DATA:

┌────────

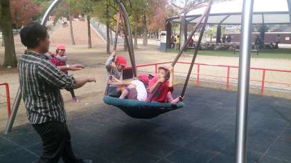 お弁当を食べたあと,こどもの楽園で遊んでいます。
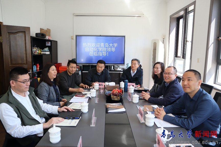 新闻网讯 4月25日上午,自动化学院与青岛金派克包装机械有限公司在青岛金派克包装机械有限公司会议室,围绕产学研合作展和毕业生就业开展座谈研讨。自动化学院党委书记张新柏、党委副书记于宏及学院教师代表,青岛金派克包装机械有限公司董事长金伟健、青岛紫文管理咨询有限公司董事长杨德才及两公司相关工作人员参会。座谈会由杨德才主持。
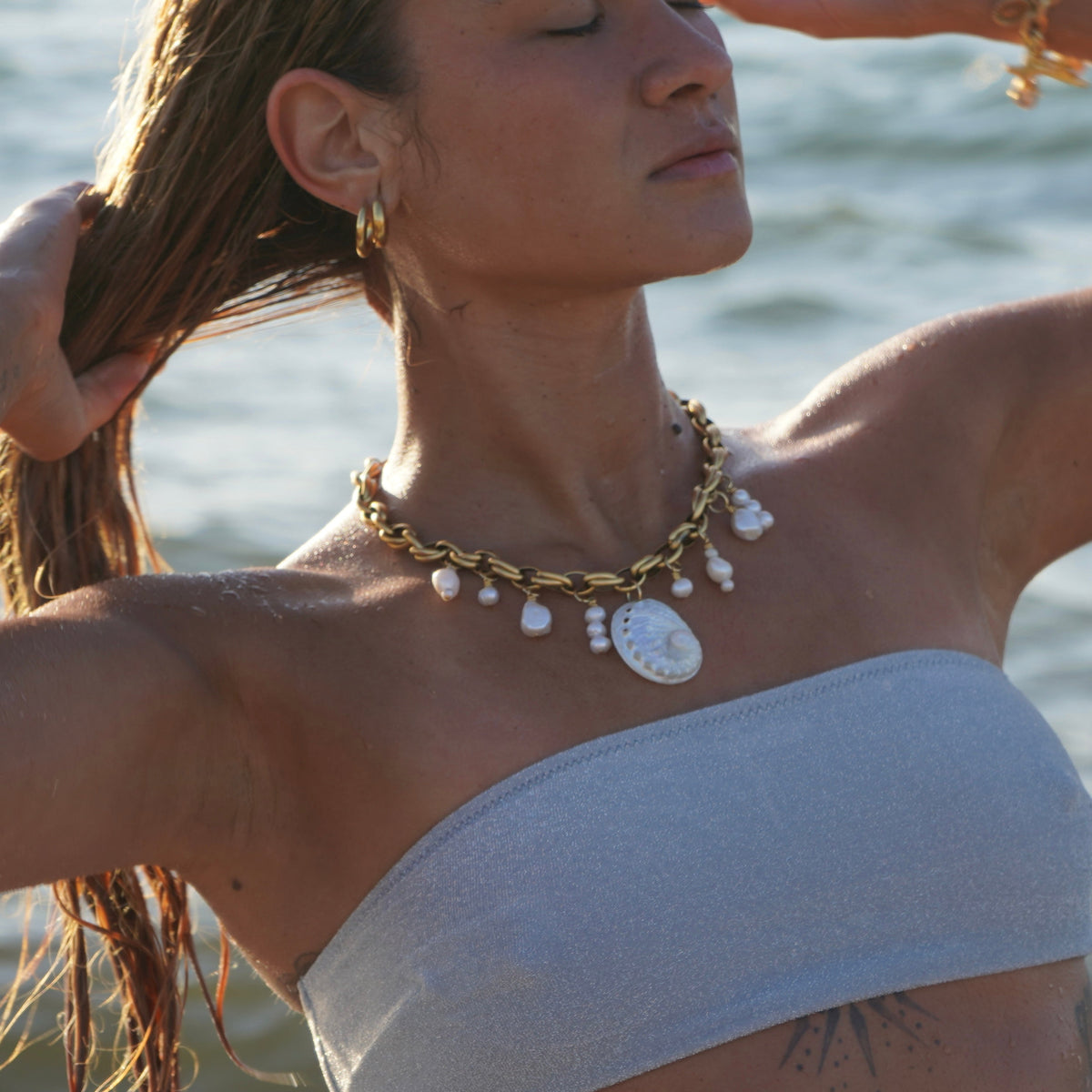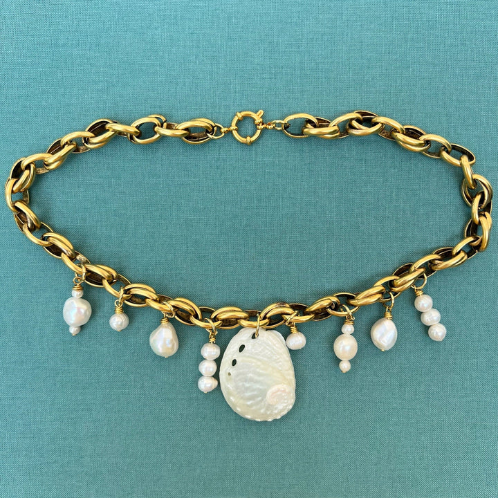 This Cala Pearl & Shell Necklace by Sccollection is a charming and unique accessory. It features a statement pearlized abalone shell from Sardinia and an assortment of hand-wrapped freshwater pearl charms. It is made of 12k antiqued gold-plated brass.
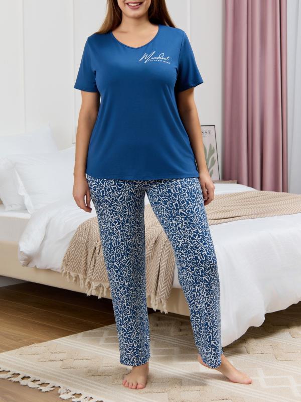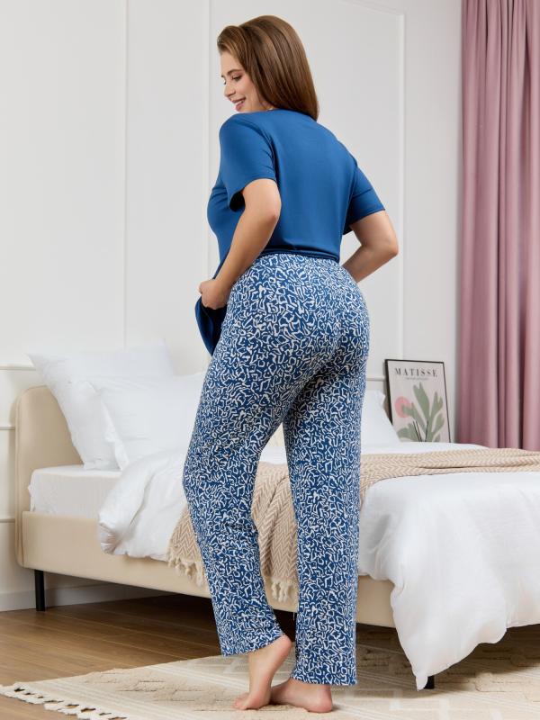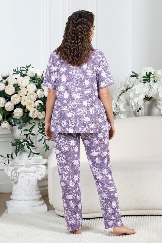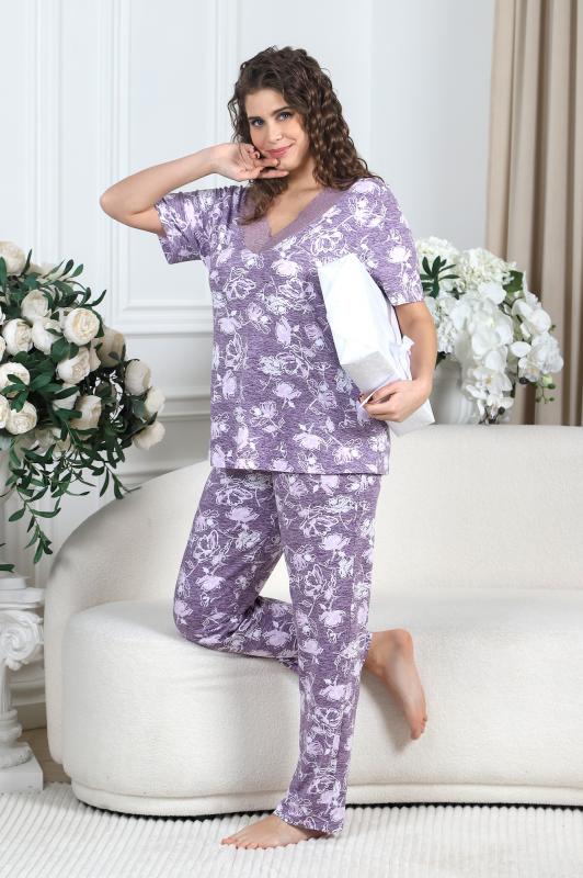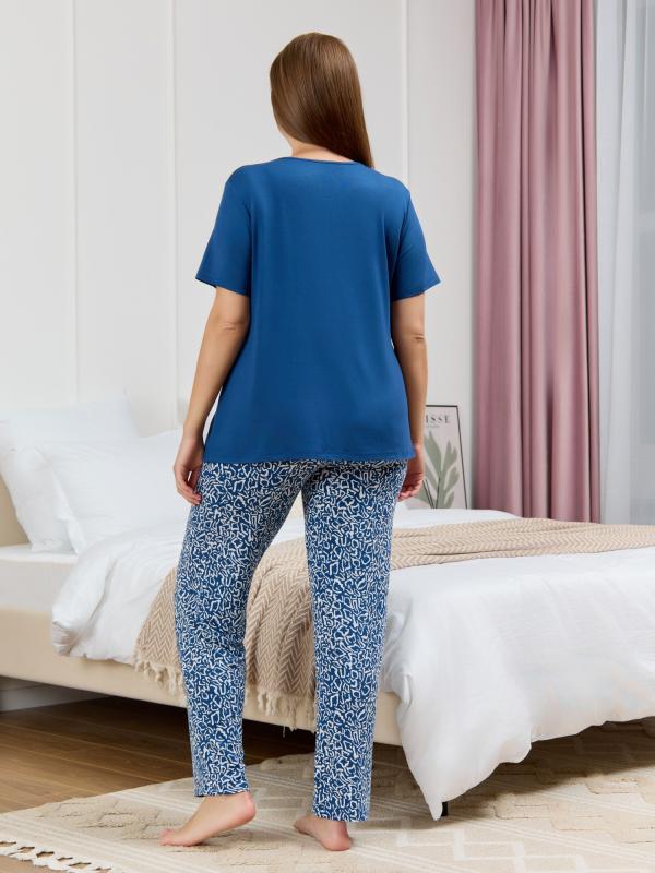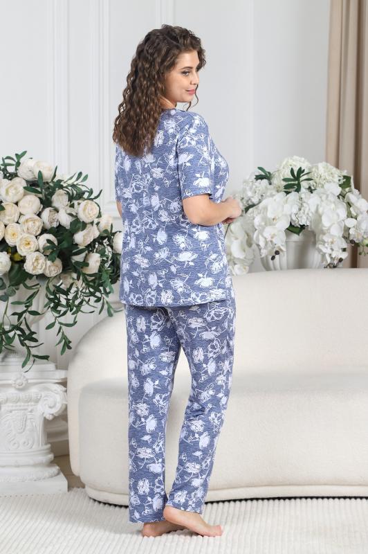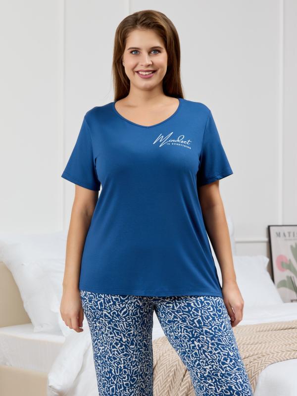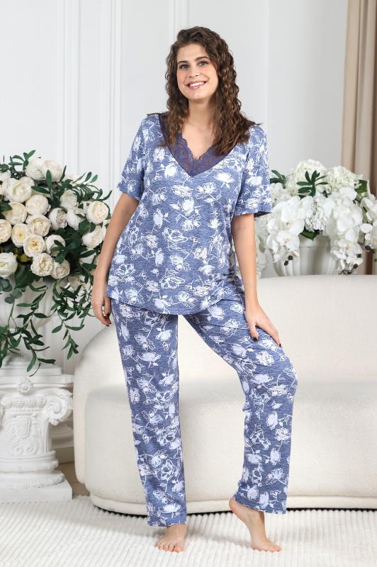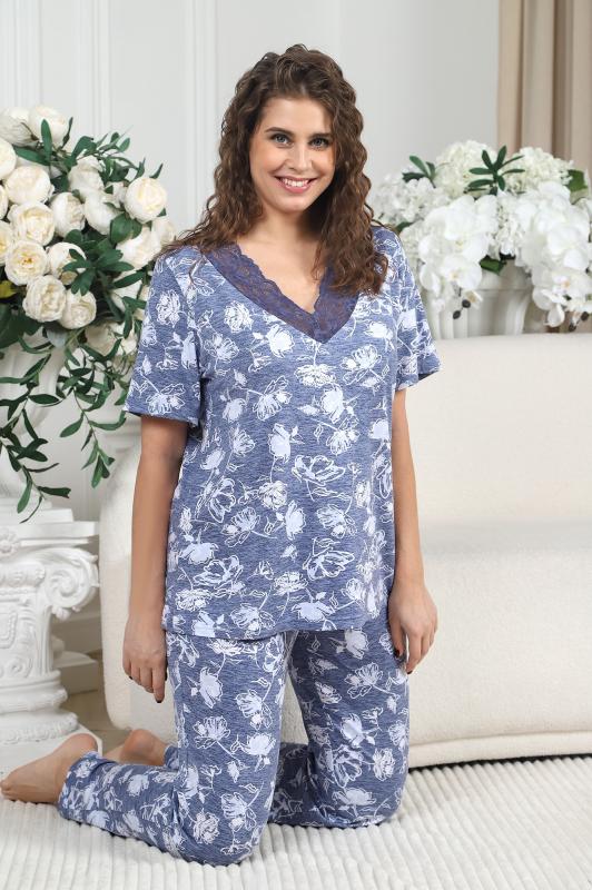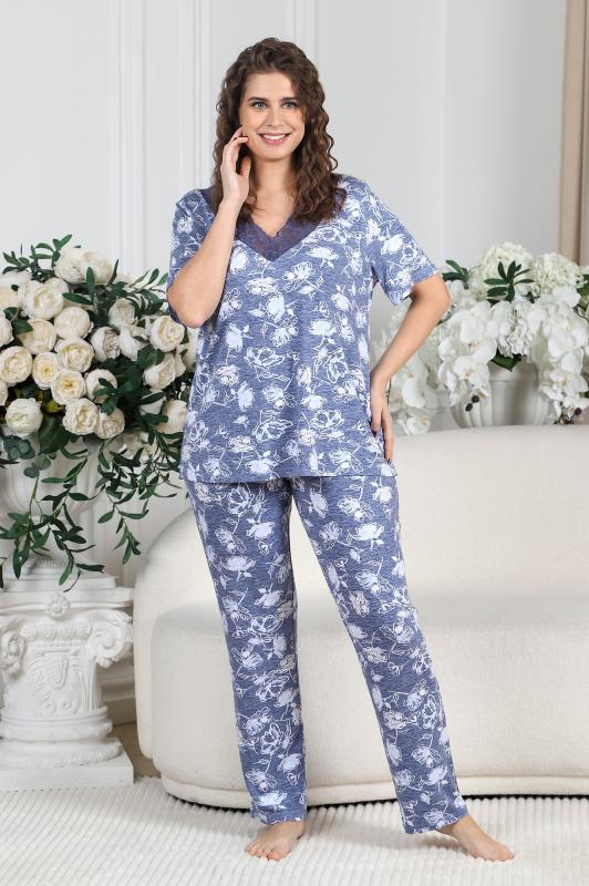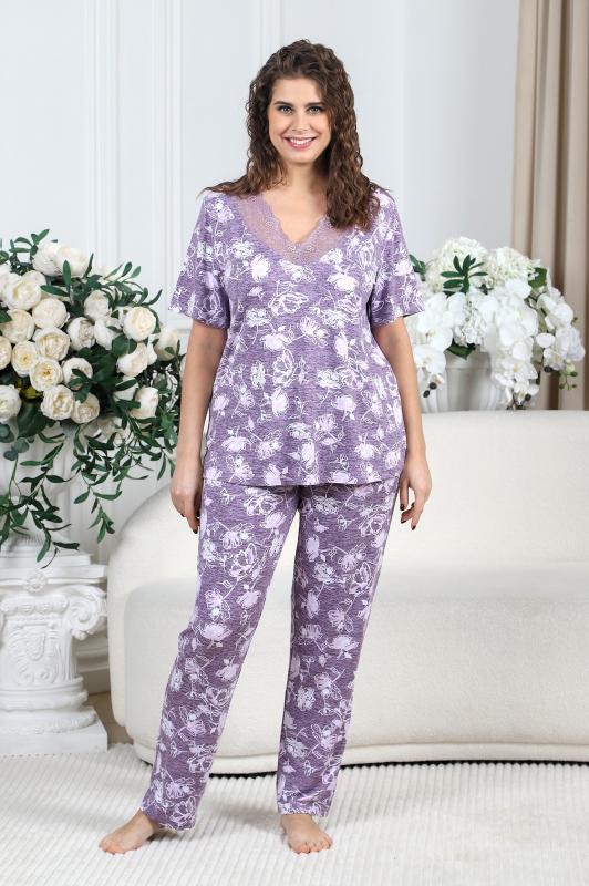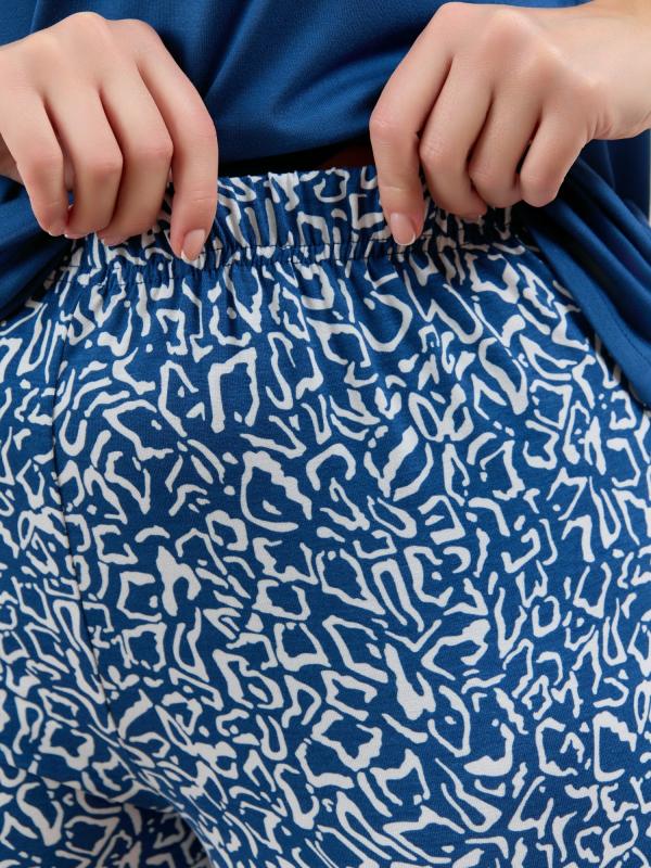 Пижама женская из вискозного трикотажного полотна с набивным рисунком, состоящая из футболки и брюк. Футболка – прямая, с короткими втачными рукавами. Полочка с V – образными кружевными деталями по горловине.Брюки - свободного покроя с эластичной тесьмой по талии.

└────────

GOAL OF THE EXERCISE: Print the data above verbatim from the first line through the line holding "新闻网讯 4月25日上午,自", leaving every picture out.

EXERCISE RESULT:
 お弁当を食べたあと,こどもの楽園で遊んでいます。
 新闻网讯 4月25日上午,自动化学院与青岛金派克包装机械有限公司在青岛金派克包装机械有限公司会议室,围绕产学研合作展和毕业生就业开展座谈研讨。自动化学院党委书记张新柏、党委副书记于宏及学院教师代表,青岛金派克包装机械有限公司董事长金伟健、青岛紫文管理咨询有限公司董事长杨德才及两公司相关工作人员参会。座谈会由杨德才主持。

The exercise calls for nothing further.